Rien ne s’oppose au port d’un costume religieux et donc d’un voile pour des étudiants en droit, en lettres, en langues ou en sciences sociales. Il m’est souvent arrivé d’avoir à mes cours, d’abord, dans le temps, des religieuses catholiques dans le costume de leur ordre, puis des étudiantes musulmanes plus ou moins voilées. Cela ne m’a jamais paru poser le moindre problème, ni avec moi, ni avec leurs condisciples. Il n’en est évidemment pas de même des étudiants des professions de santé, au moins dans le cadre de la pratique, des étudiants en sciences, soit si ce port met l’intéressé en danger, soit si le même port risque de perturber des résultats de recherches, des étudiants en éducation physique, etc…
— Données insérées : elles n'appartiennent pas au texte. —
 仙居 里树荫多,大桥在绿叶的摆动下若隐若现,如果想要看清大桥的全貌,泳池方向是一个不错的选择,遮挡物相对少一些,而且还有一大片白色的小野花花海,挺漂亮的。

C’est ce qui permet, à mon sens de trancher le problème qui semble s’être récemment posé à l’Ecole de formation du Barreau de Paris. Je ne vois personnellement aucune objection à ce qu’une étudiante voilée suive les enseignements, ni même plus tard, exerce sa profession de cette façon si des clients choisissent de s’adresser à elle. Mais il est clair qu’elle devra être identifiable au moment des examens et qu’elle devra s’abstenir de tout signe distinctif, autre que l’attribut de son état, lors de son exercice dans le cadre juridictionnel.
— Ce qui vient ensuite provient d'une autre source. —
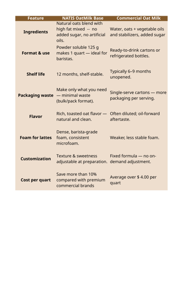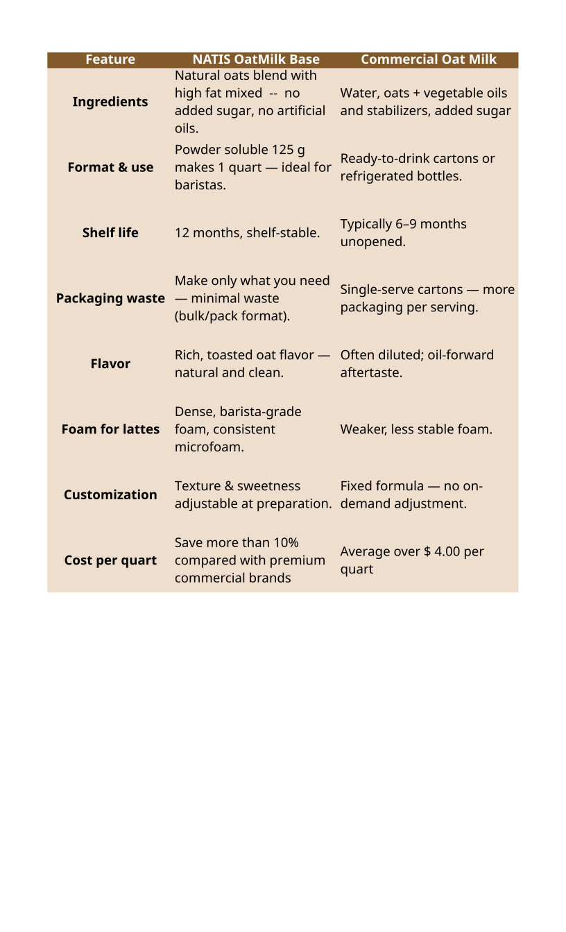 Naturally creamy, designed for coffee. Made from whole-grain oats with no added sugars, carefully processed to achieve a velvety texture, excellent steaming performance, and a neutral flavor that highlights the coffee profile.

Ceux qui envisagent aujourd’hui d’interdire le voile dans l’enseignement supérieur ne le font donc pas pour la bonne et unique raison possible, celle de l’ordre public, mais sur la base d’un jugement de valeur religieux ou social (statut de la femme), interdit, par principe, par nos textes fondamentaux. Une loi ainsi présentée ne pourrait que se heurter, si elle était votée sans nuances, à la censure du Conseil constitutionnel.